Five Whys
Three short chains covering need, market gap, and timing/execution.
1) Why build an AI CoPilot for retail traders?
- Why? Retail investors lack pro-grade decision support.→ Most Retail participants are self-directed and time-constrained due to their day jobs, and they need help turning data into disciplined actions.
- Why? Existing tools are either costly/complex or black-box alerts.→ High learning curves and opaque signals erode trust and adoption of any trading strategies.
- Why? Because multi-factor analysis is hard to do alone.→ Research Fundamentals, learn technical charts and price action, understand market sentiment, and decipher options flows. All live in silos, stitching them is non-trivial and requires experience.
- Why? Retail outcomes suffer from behavioral pitfalls.→ Overtrading, FOMO, and weak risk control measures drive avoidable losses.
- Why a CoPilot? It combines multi-factor AI + guardrails + explainability.→ Users stay in control, learn *why* trades happen, and execute with discipline.
2) Why hasn’t the market already solved this?
- Why?
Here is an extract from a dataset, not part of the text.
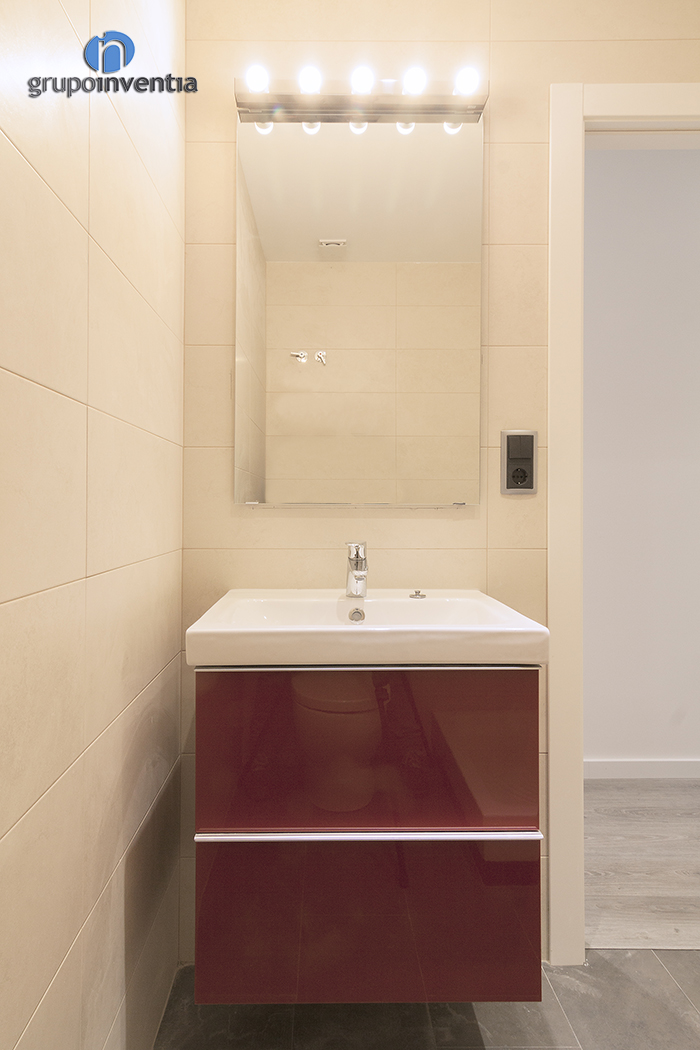 La nota de color intens d’aquest habitatge es troba precisament en la reforma de bany, ja que el moble del lavabo és de color vermell, aportant dinamisme.

Most platforms optimize for either pros or passive investing.→ Active retail sits between: underserved on User Experience, education, and price.
- Why? Business models skew to high monthly fees or opaque signals.→ Prices exclude small accounts, opacity blocks trust, or the language used by systems requires time to learn.
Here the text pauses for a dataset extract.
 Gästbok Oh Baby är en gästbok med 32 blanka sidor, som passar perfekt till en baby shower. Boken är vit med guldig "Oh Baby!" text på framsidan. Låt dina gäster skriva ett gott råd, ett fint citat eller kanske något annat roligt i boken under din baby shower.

- Why? Technical integration is a barrier.→ Real-time fundamentals, news NLP, and options flow require robust data pipelines.
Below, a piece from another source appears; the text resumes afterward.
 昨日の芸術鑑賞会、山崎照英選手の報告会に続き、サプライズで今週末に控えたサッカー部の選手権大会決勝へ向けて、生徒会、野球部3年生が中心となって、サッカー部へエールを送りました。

- Why? UX rarely adapts to account size/experience.→ One-size-fits-all tools miss novice guardrails and advanced scale-up.
- Why is it now feasible? Broker APIs + mature AI lower the build/ops cost.→ Makes a transparent, affordable co-pilot viable for the mass market.
3) Why now (market timing) and why us (execution)?
- Why now? The retail base is large and active.→ >100M North America retail investors, and many of them trade tens of millions of stocks and options.
- Why now? AI and cloud are ready.→ Practical Natural Language Processing using LLMs + event models + low-latency infra enables multi-factor “always-on” assistance.
- Why now? Broker APIs = seamless execution.→ Aggregation or Direct Integration with brokerage systems is finally doable without becoming a broker.
- Why us? Persona-aware UX + built-in discipline.→ Small-account guardrails, high-capacity mode for advanced users, and a weekly plan, stops, and loss-pause discipline
- Why us? Transparent, affordable, defensible.→ Plain-English rationales, mass-market pricing, and a data flywheel (FQS/TMS/DVES/SMAS) that compounds.